Project description:KEY MESSAGE:The fuzzless gene GaFzl was fine mapped to a 70-kb region containing a GIR1 gene, Cotton_A_11941, responsible for the fuzzless trait in Gossypium arboreum DPL972. Cotton fiber is the most important natural textile resource. The fuzzless mutant DPL972 (Gossypium arboreum) provides a useful germplasm resource to explore the molecular mechanism underlying fiber and fuzz initiation and development. In our previous research, the fuzzless gene in DPL972 was identified as a single dominant gene and named GaFzl. In the present study, we fine mapped this gene using F2 and BC1 populations. By combining traditional map-based cloning and next-generation sequencing, we mapped GaFzl to a 70-kb region containing seven annotated genes.
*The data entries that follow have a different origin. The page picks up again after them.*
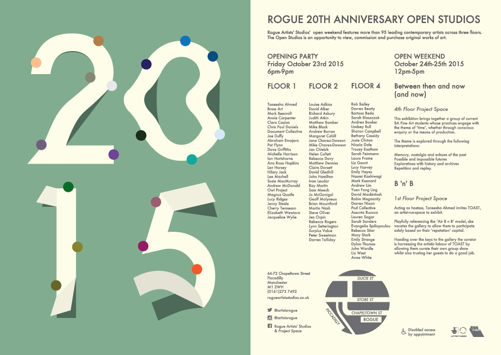 Everyone is welcome to Rogue Artists’ Studios’ 20th anniversary open weekend. The party is on Friday October 23rd, 6-9pm. The studios are open from 12-5pm Saturday 24th and Sunday 25th. We are just behind Piccadilly Railway Station in Manchester, UK.
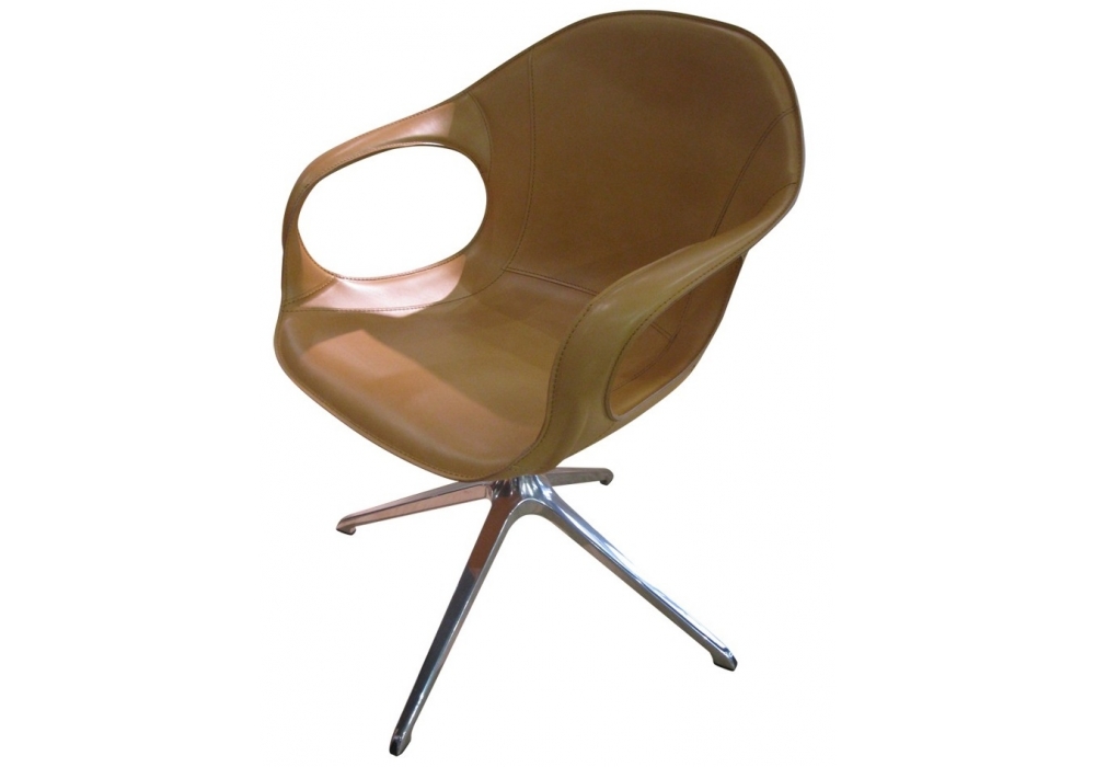 Elephant diseñada por Eva Paster & Michael Geldmacher para Kristalia es una silla sobre trìpode en aluminio disponible en diferentes acabados y carcasa de poliuretano revestida en cuero, cuero piel flor o tejido.
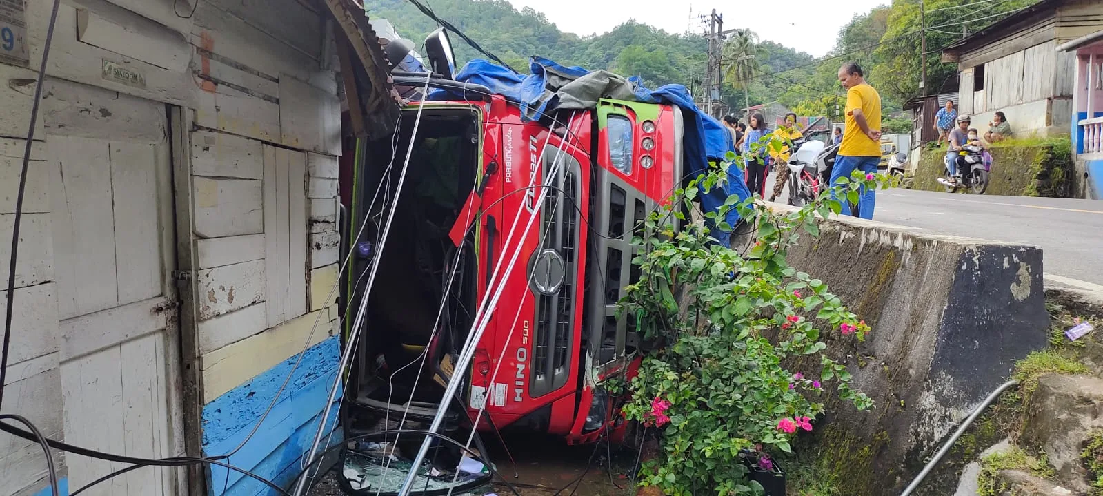 cMczone.com- Mobil tangki PT Pertamina Nomor Polisi (Nopol) BK 9504 SH nyungsep, sehingga menimpa rumah warga diijalan lintas Sibolga – Tarutung, Kelurahan Hutabarangan, Kecamatan Sibolga Utara, Kota Sibolga, Provinsi Sumatera Utara (Sumut). Pada hari Jum’at (3/6/2022), pukul 05.30 wib.
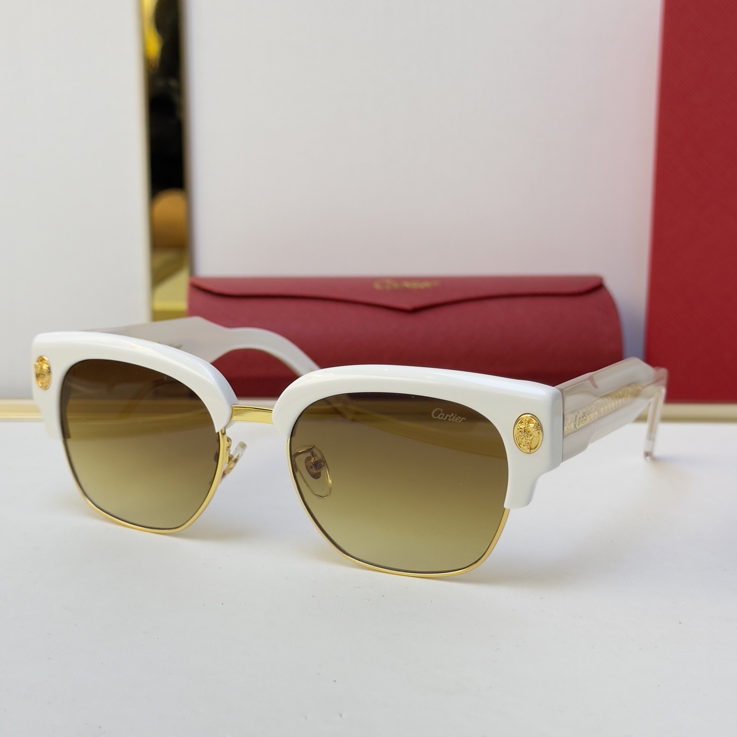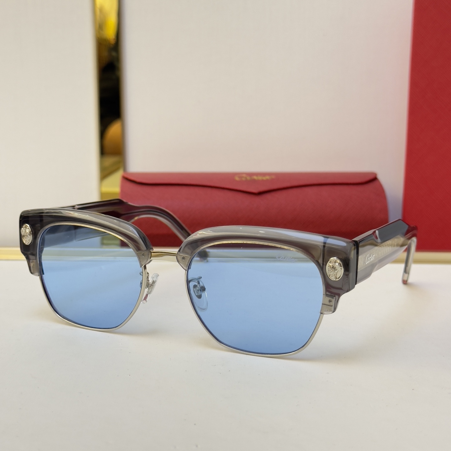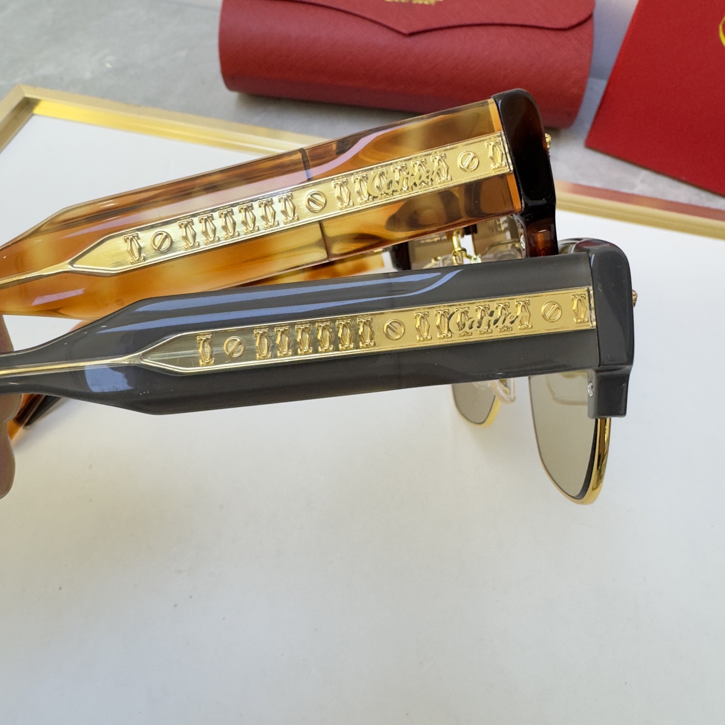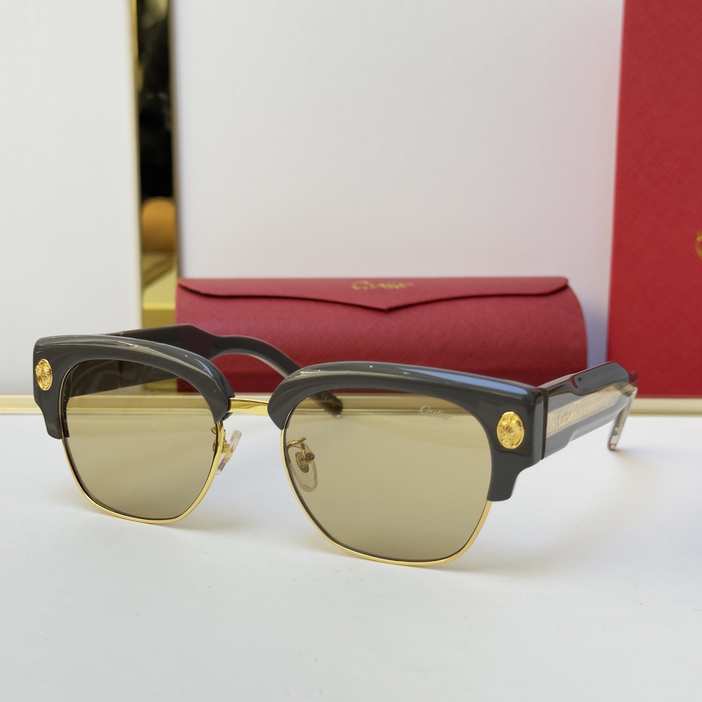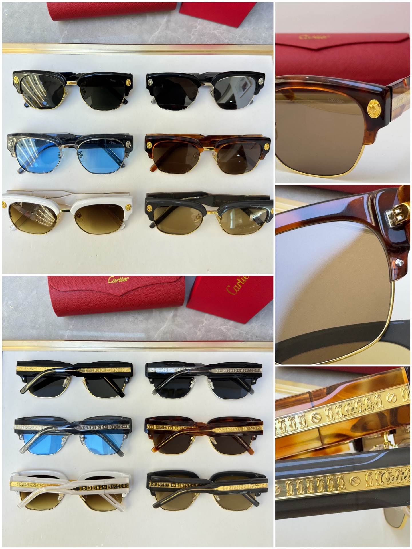 這款太陽眼鏡是AAAAA 1:1 質量(非常棒). 使用了和原版一模一樣的材料. 商標部分也保持了和卡地亞/Cartier一樣. 圖片拍攝是實物太陽眼鏡拍攝, 您所收到的實物保證和我們圖片一模一樣.
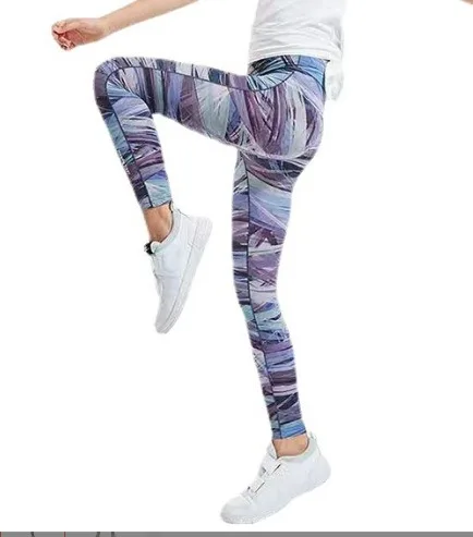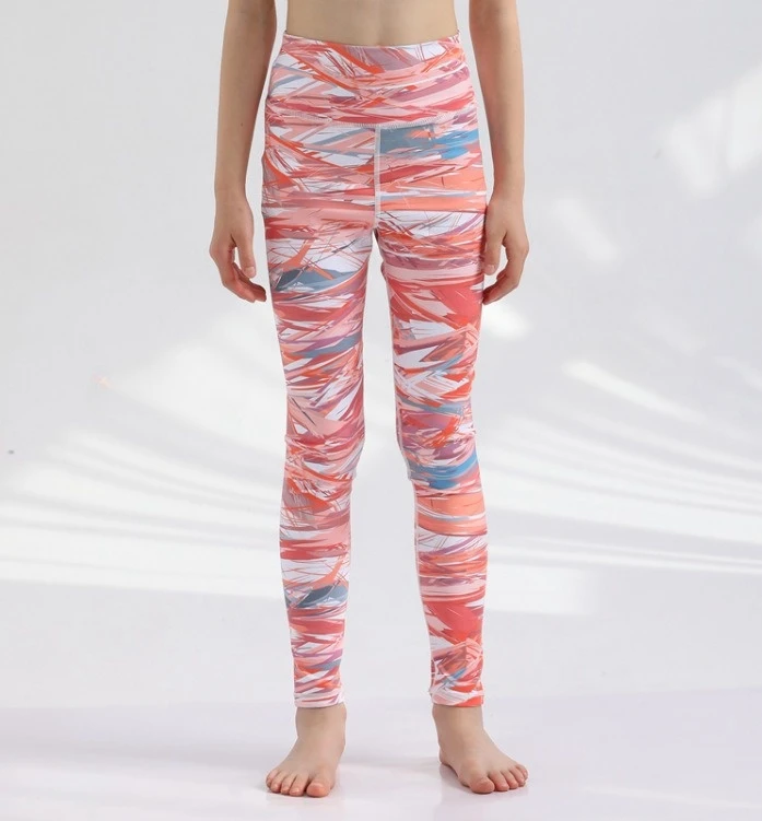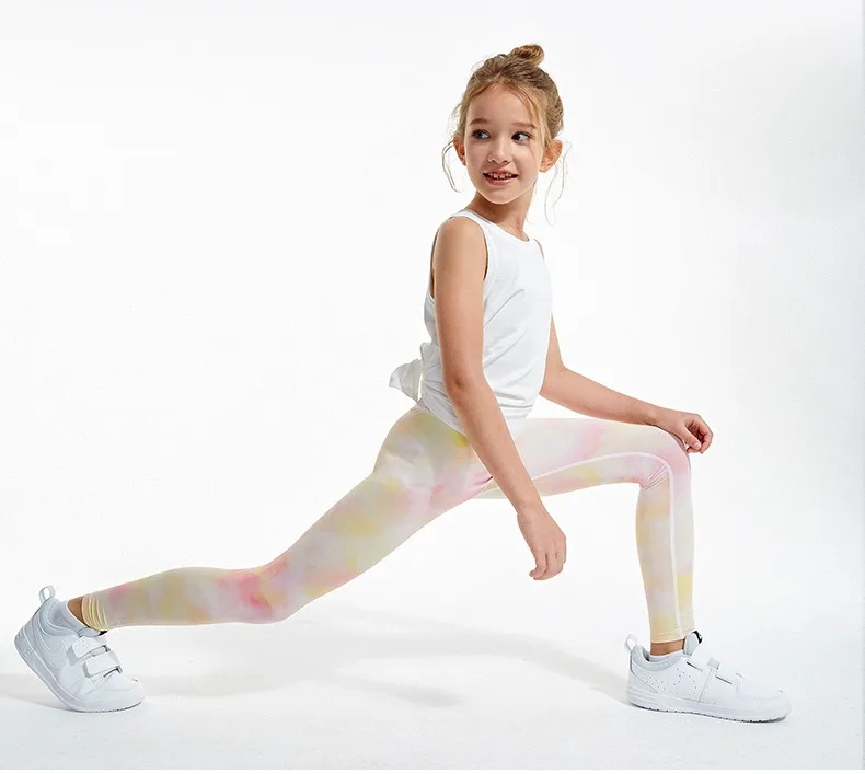 4-14Y Girls Yoga Pants Soft Kids Stretch Trousers Printed Children's Active Dance Running Workout Leggings Thin Sports Tights
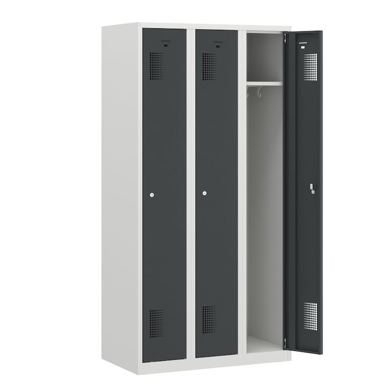 Omklædningsskab Amsterdam, 3 sektioner, lysegrå / basaltgrå, bredde 900 mm, cylinderlås
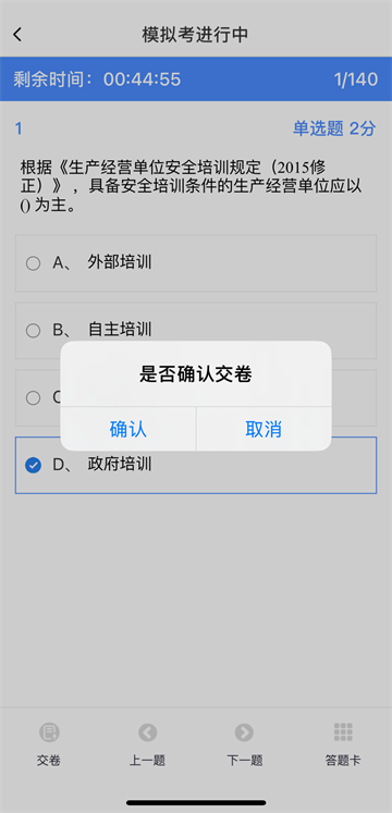 2、考试结束后,点击【交卷】按钮,点击【确定】提交。
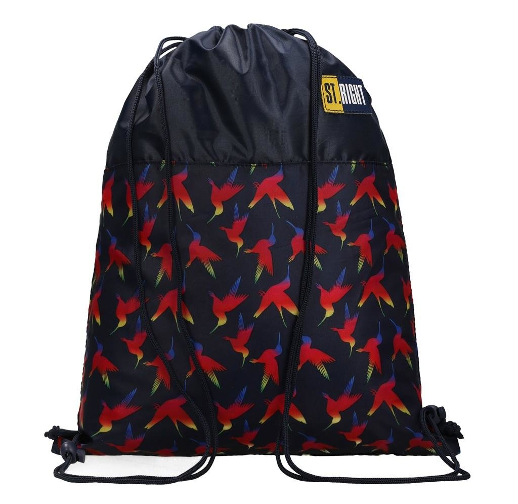 Worek wykonany z wysokiej jakości materiału nieprzemakalnego. Oryginalny i lubiany wzór w tęczowe kolibry na ciemnym tle z pewnością przyciąga wzrok. Worek jest zaciągany na wygodne sznureczki. Możliwość noszenia worka na ramieniu lub na plecach. Dopasowany do plecaków tej samej serii,
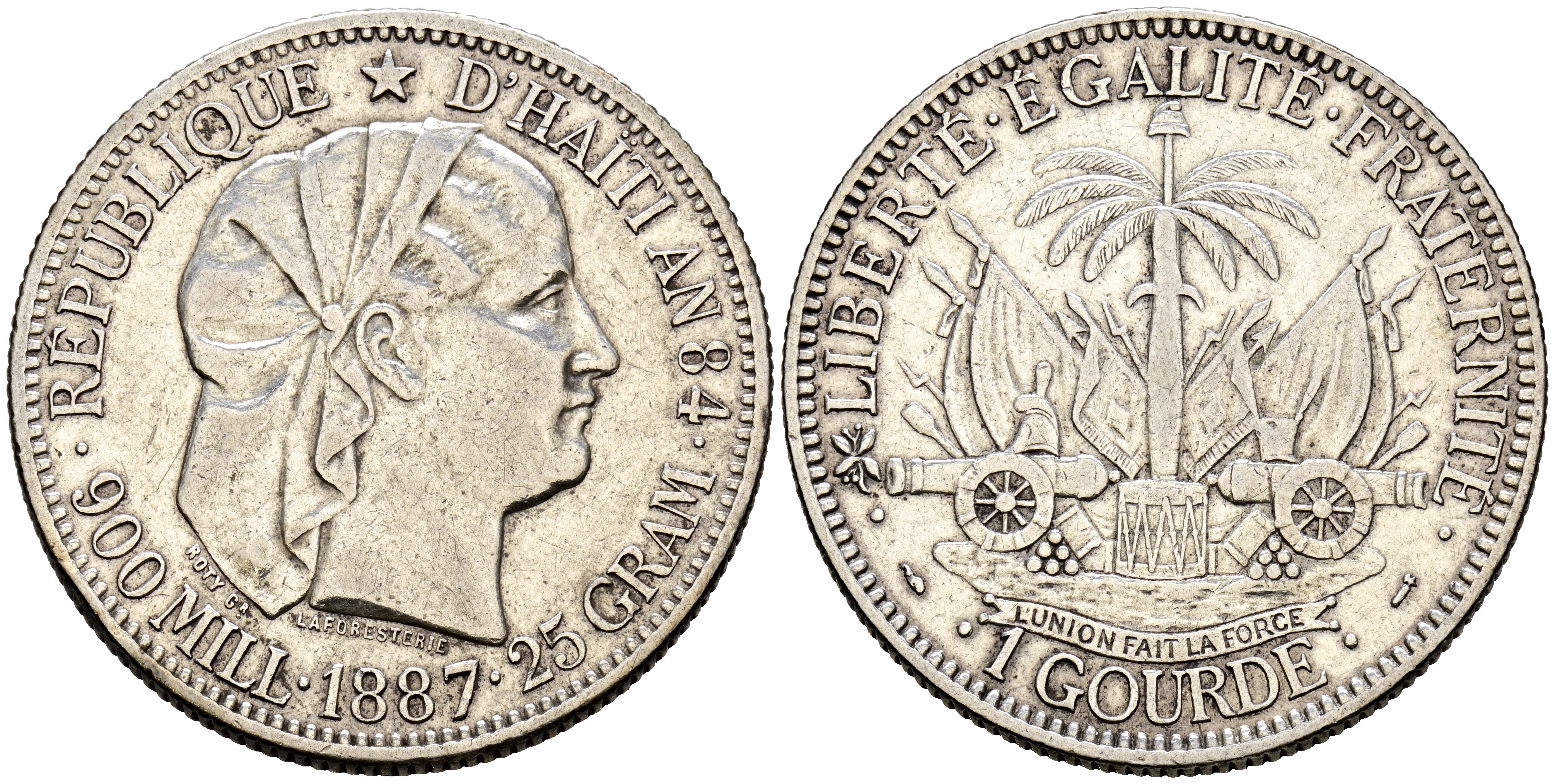 HAITÍ. 1 Gourde (Ar. 24,91g/37mm). 1887 (AN 84). París. (Km#46). MBC.
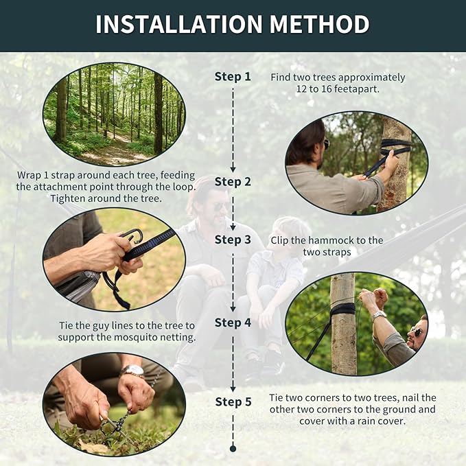 - 【BREATHABLE & PREMIUM NET】: Do you hate being bitten by mosquito while camping? High density nets can effectively protect you from those creepy crawlers. Breathable and ventilated mesh allows you to safely enjoy your camping time. Net and hammock are connected by 2 quality zippers
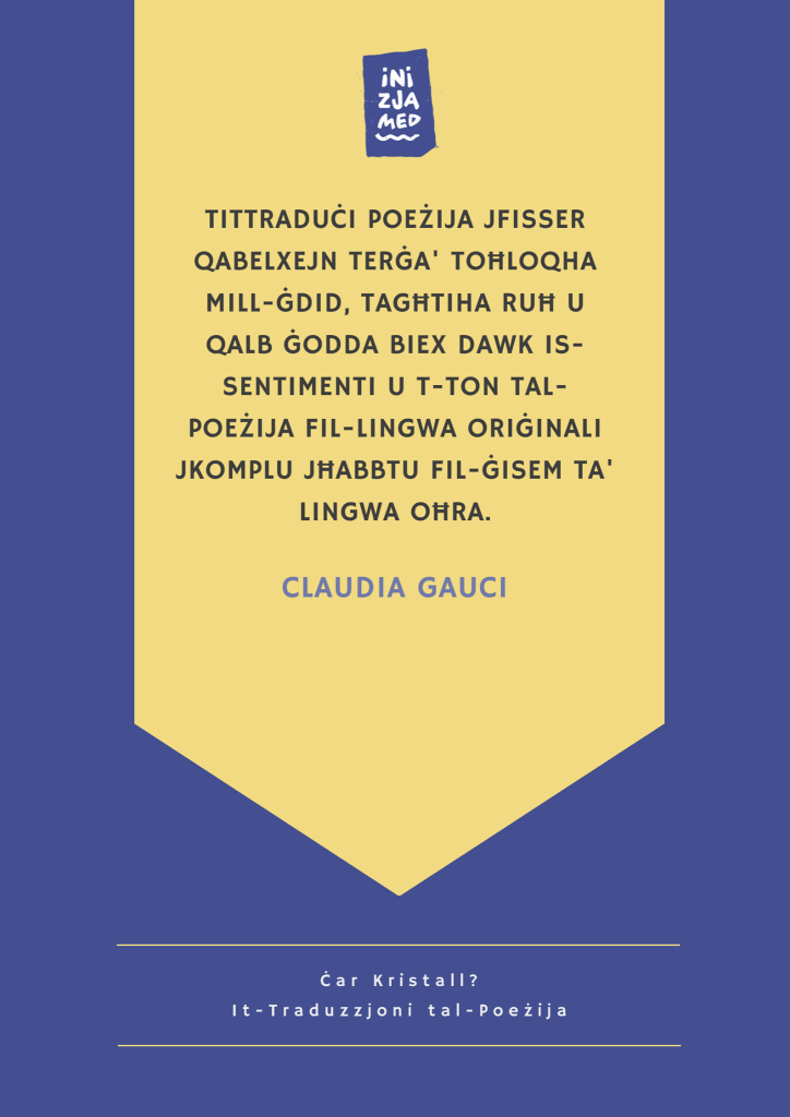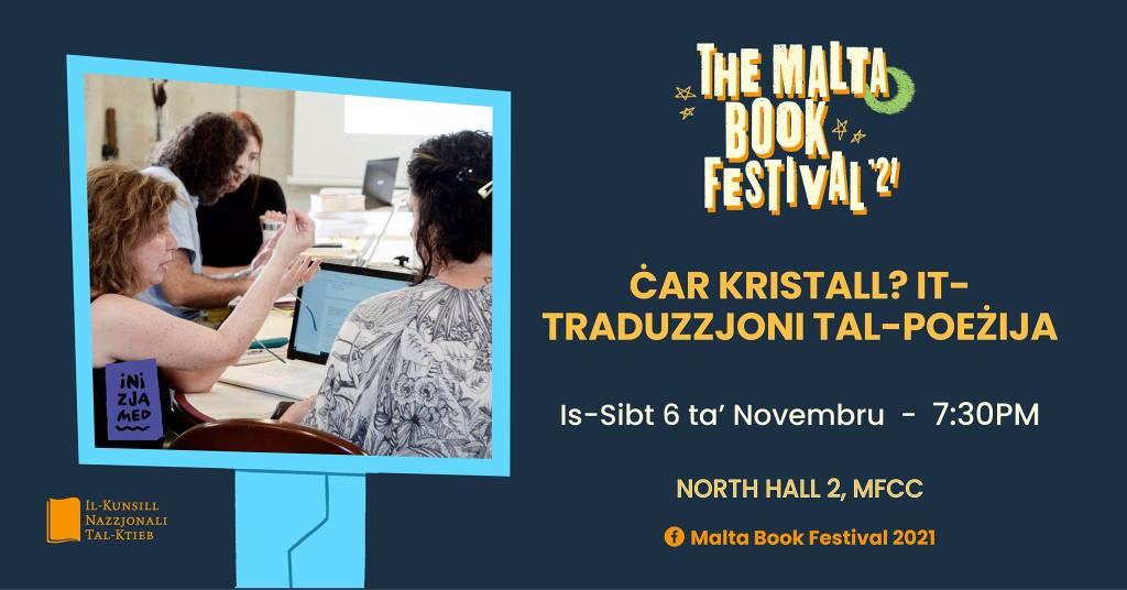 Nhar is-Sibt, 6 ta’ Novembru 2021, fis-7.30pm f’North Hall 2 tal-MFCC, Ta’ Qali, Inizjamed se torganizza attività bl-isem ta’ “Ċar Kristall? It-Traduzzjoni tal-Poeżija” bħala parti mill-Festival Nazzjonali tal-Ktieb. Ħajr lill-organizzaturi tal-istedina. Minbarra li t-traduzzjoni tal-poeżija hija l-iktar qari profond tax-xogħol oriġinali, għandha wkoll sehem ewlieni fl-iżvilupp tal-kitba ta’ ħafna poeti. Ara din il-paġna dwar dan l-avveniment fuq Facebook.

RNA-Sequencing and re-sequencing analysis narrowed these candidates to two differentially expressed genes, Cotton_A_11941 and Cotton_A_11942. Sequence alignment uncovered no variation in coding or promoter regions of Cotton_A_11942 between DPL971 and DPL972, whereas two single-base mutations in the promoter region and a TTG insertion in the coding region were detected in Cotton_A_11941 in DPL972. Cotton_A_11941 encoding a homologous gene of GIR1 (GLABRA2-interacting repressor) in Arabidopsis thaliana is thus the candidate gene most likely responsible for the fuzzless trait in DPL972. Our findings should lead to a better understanding of cotton fuzz formation, thereby accelerating marker-assisted selection during cotton breeding.